EnQuest has agreed to buy a stake in BP’s Magnus oil field
EnQuest has agreed to buy a 25 per cent stake in BP's Magnus oil field and surrounding assets in the North Sea in "a natural evolution of EnQuest's business".
The oil producer said it will also take over operations of Sullom Voe on the Shetland Islands, which is Britain's largest oil terminal.
This deal is part of EnQuest's strategy of "realising value from the management of maturing oil fields", chief executive Amjad Bseisu said. The company aims to buy cheap interests in older fields and use new technologies and strict spending programmes on them.
"Magnus is a good quality reservoir; it has large volumes in place, with potential for infill drilling and for the revitalisation of wells, and scope for field life extension. It is a producing asset that would materially increase EnQuest's reserve base," he added.

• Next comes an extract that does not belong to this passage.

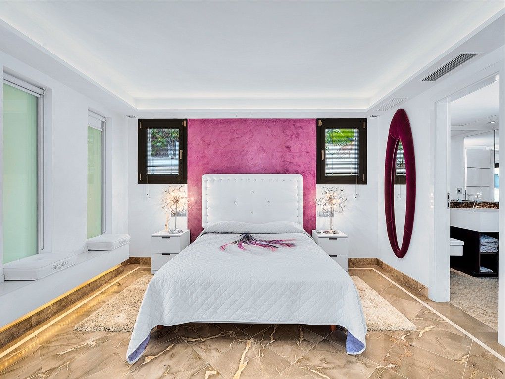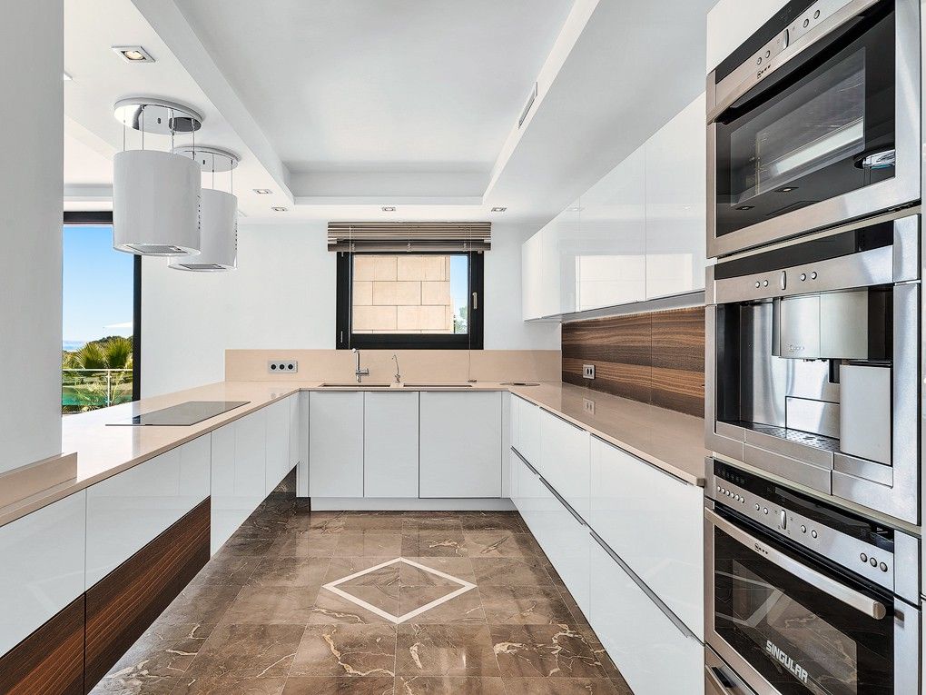Directly located in one of the most prestigious and sought-after residential areas of southwest Mallorca, Bendinat, this property of best quality and fully furnished boasts of fantastic panoramic views to the sea. The living area is distributed over two floors. The lower floor comprises the living and dining area with open-plan kitchen and offers gorgeous sea views. The beautiful patio attracts the attention with its relaxing atmosphere created by fountains, illumination and vegetation and is complemented by the warmth of the fire place. The marble dining table for 12 persons is the perfect place to enjoy wonderful moments with family and friends. The light-flooded patio leads to the bedrooms and guest apartments. The first floor is reserved completely for the master bedroom with a terrific bathroom offering also a sauna, and more entertaining & relaxation facilities. Further features are underfloor heating, fire places, electric doors and shutters, background music, camera monitoring system, lift, wine cellar, lounge, garage and a gorgeous infinity pool.
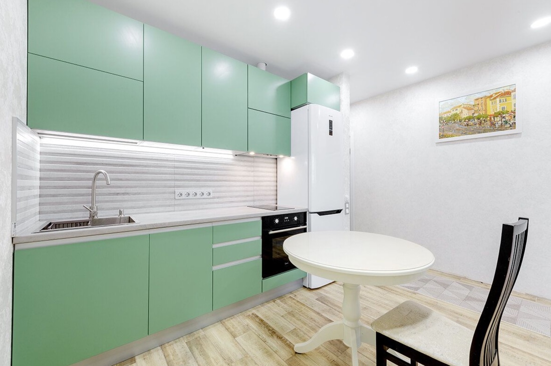 На $3000 больше придется заплатить за квартиру с более интересным ремонтом. Интерьер построен на сочетании контрастных цветов, дополняемых яркими картинами и зеленью (пусть и в виде фартука на кухне). Размер двушки — 52,9 кв. м. На стенах — венецианская штукатурка, на полу — испанский керамогранит. По всей квартире продумано освещение: есть светодиодная подсветка, треки, светильники. Кухня сделана из массива ясеня, имеет всю необходимую встроенную технику. В спальне — кровать с подъемным механизмом и зоной для хранения.

Bseisu told Reuters EnQuest will reduce costs at Sullom Voe by around £150m a year so it can run it for longer. It will keep all 340 BP staff at the Magnus field and the Sullom Voe terminal, he said.
EnQuest, which is one of the UK's largest independent oil gas producers in the North Sea, has struggled since the commodity price crash, which put pressure on the finances of oil and gas explorers. In October, it said it wanted to raise funds of £82m as part of a proposed restructuring.

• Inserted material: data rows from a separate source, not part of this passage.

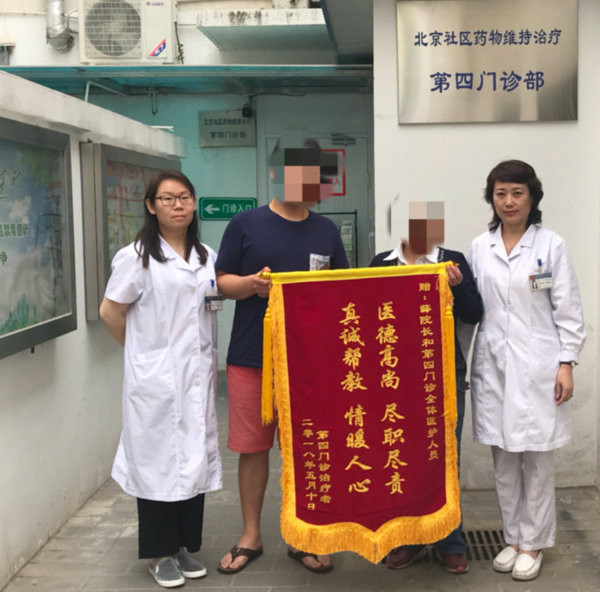 2018年5月16日上午,社区药物维持第四门诊治疗者王某和吴某将一面鲜红的锦旗和一封真挚的感谢信送至门诊主管领导薛芬副院长(主持行政工作)手中,衷心地感谢薛院长和门诊工作人员,是他们精心的帮教和温暖的关爱,让自己重新鼓起勇气,坚定了戒毒信心,重新回归了社会,拥有了现在的美好生活。
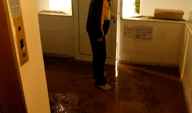(Πλημμυρισμένη είσοδος πολυκατοικίας)
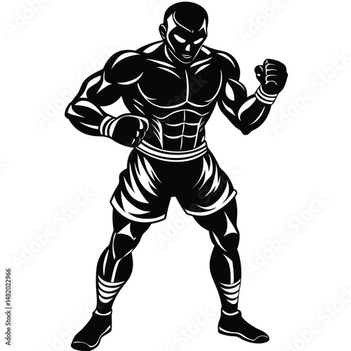 Muscular Boxer Silhouette Vector – Strong Fighter Standing Pose Illustration
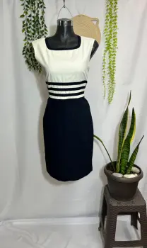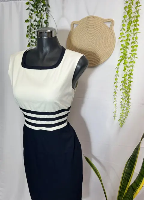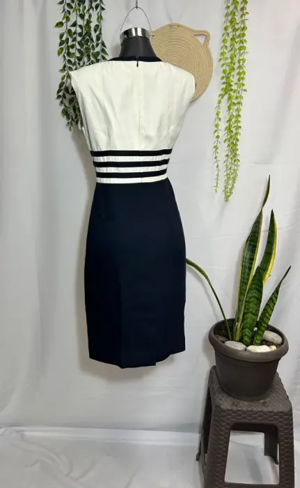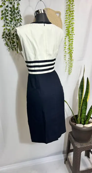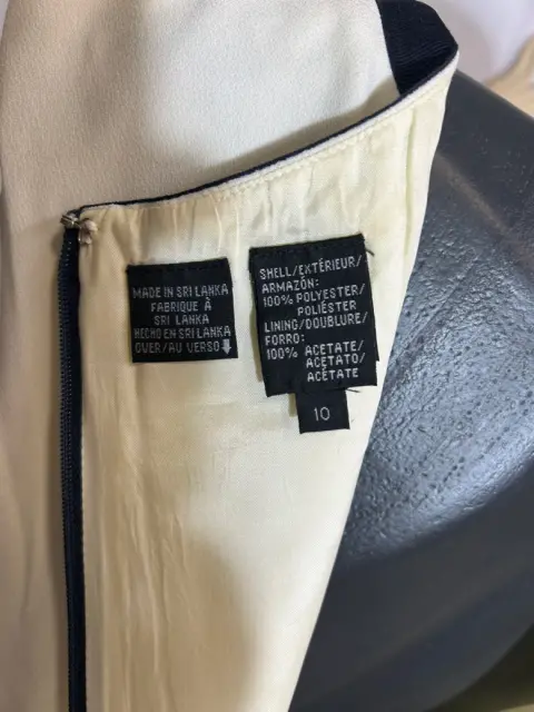 Hermoso vestido estilo marinero, azul marino con beige, marca liz claiborne, talla 10, yo creo que es L, ☘️medidas , hombros 40, axilas 47, largo 96. ☘️🌸B015.🌸
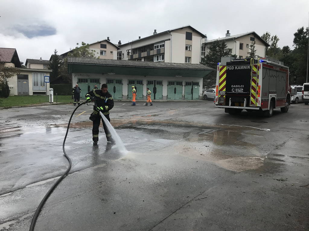 Okoli 9.30 so bili gasilci PGD Kamnik obveščeni, da je pri Domu kulture Kamnik razlito hidravlično olje. Ob prihodu na kraj so ugotovili, da je olje pomešano z vodo, zato so oljni madež najprej nevtralizirali, nato pa poskrbeli še za njegovo odstranitev in očiščenje okolice.

EnQuest also has the option to buy BP's remaining 75 per cent stake in Magnus and other interests by 15 January, 2019 for $300m, the companies said in a statement, which Bseisu said would increase the company's oil reserves by around 30 per cent.
In a trading update today, the company said production was up 8.7 per cent in 2016, averaging 39,751 barrels per day (bpd), with production in the UK North Sea up 11.3 per cent – EnQuest's highest annual production since the company started in 2010.
In 2017, EnQuest expects to average between 45,000 bpd to 51,000 bpd, mainly due to the start of its Kraken field.